Perhaps it is not surprising that the reigning Prince Albert II, Grace’s son, is still unmarried, although he does have two children out of wedlock. It must be hard for Europe’s most eligible bachelor to find a bride who can live up to his mother, who, in addition to being spectacularly beautiful, appears to have been much loved by all. While his father’s side of the Prince’s family are obviously royalty, descending originally from a pirate, his mother’s side, in addition to having a glamorous film star, include her father, who won three Olympic gold medals in rowing and became a self-made millionaire in the brick business, her brother, also an Olympic medalist, her mother, the first woman to lead the Physical Education Department at UPenn, and an uncle who was a Pulitzer prize winning playwright. Wow. We were delighted to learn that the American side of the royal family are no slouches.

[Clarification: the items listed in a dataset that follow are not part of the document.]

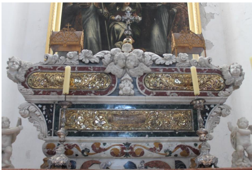
Foto 2. Sarkofag sv. Gaudencija, župna crkva Uznesenja Blažene Djevice Marije, Osor, Cres

Tijelo sv. Gaudencija čuva se u mramornom sarkofagu na glavnome oltaru u exkatedralnoj crkvi Uznesenja Blažene Djevice Marije u Osoru. Mramorni kovčeg dao je sagraditi biskup Šimun Gaudencije 1713. godine.
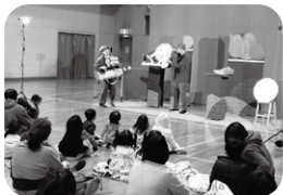
▲ 土田地区 (人形劇公演会)
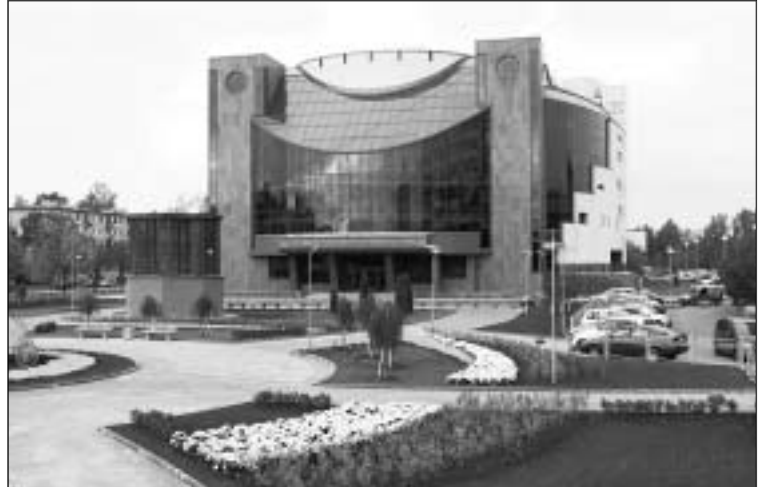
Новое здание Театра «Буфф»

Штокбант. Да, смеющийся, или «он засмеется». Библейское имя. Мои родители даже сражались за это имя в загсе. Принято было называть Владимира, в крайнем случае – Вольдемар, а мои приходят – Исаак! Что за Исаак такой?! И я хочу вот еще что
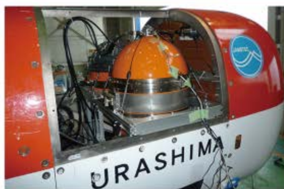
東京大学が開発を進める移動体搭載型重力計
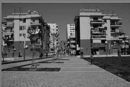
Riqualificazione di un quartiere comunista
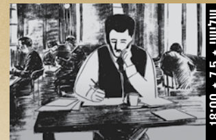
עסקה עם השטן A Deal With The Devil (ישראל, 2024) תיעודי 18:00 + 7.5 + טליווי

במאית: מרים טוזאני שחקנים: לובנה אזאבל, סאלח בכרי (118 דק', ערבית; תרגום לעברית)
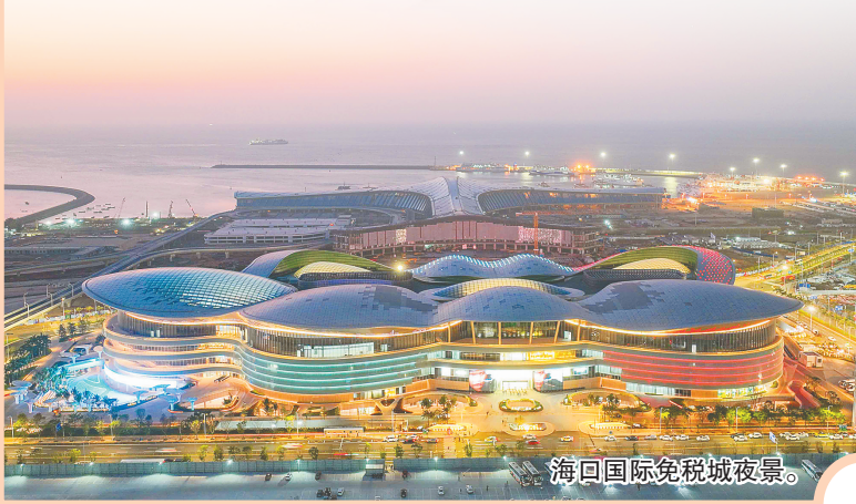
海口国际免税城夜景。

海南以国际旅游消费中心建设激活消费引擎，高端购物、医疗、教育三大境外消费回流逐渐成为自贸港“金字招牌”，离岛免税销售额五年超1300亿元，博鳌乐城引进国际创新药械290种、成为国际创新药械进入我国的快速通道，陵水黎安获批6所中外合作办学机构（项目）并正式招生开学。2022年，海南发放价值5300万元的旅游消费券，截至2022年12月31日活动结束，核销率达到95.3%，市场带动比2.33，有力促进了旅游产业加速回暖。
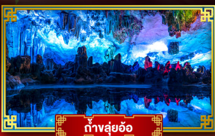
ถ้ำลุย้อ

"ดินแดนแห่งสายน้ำและขุนเขา" สัมผัสประสบการณ์นั่งบอลลูนชมวิวมุมสูง
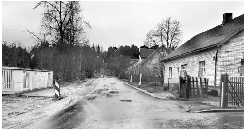
Kalēju iela, Smiltene

rodoties personīgi SIA „Smiltenes NKUP”, Pils ielā 3a, Smiltēnē vai aizpildot elektroniski iesniegumu www.smiltenesnkup.lv .

You may be pleased to know that New Hampshire has its own connection with the Royal family as Prince Albert II had been a camper and camp counselor for six summers at Camp Tecumseh on Lake Winnipesaukee. Cool. The sports camp, which makes “good boys better,” was started by three Olympians. The Prince, a graduate of Amherst College, is also an Olympic athlete, having represented Monaco in the bobsled in five winter Olympics.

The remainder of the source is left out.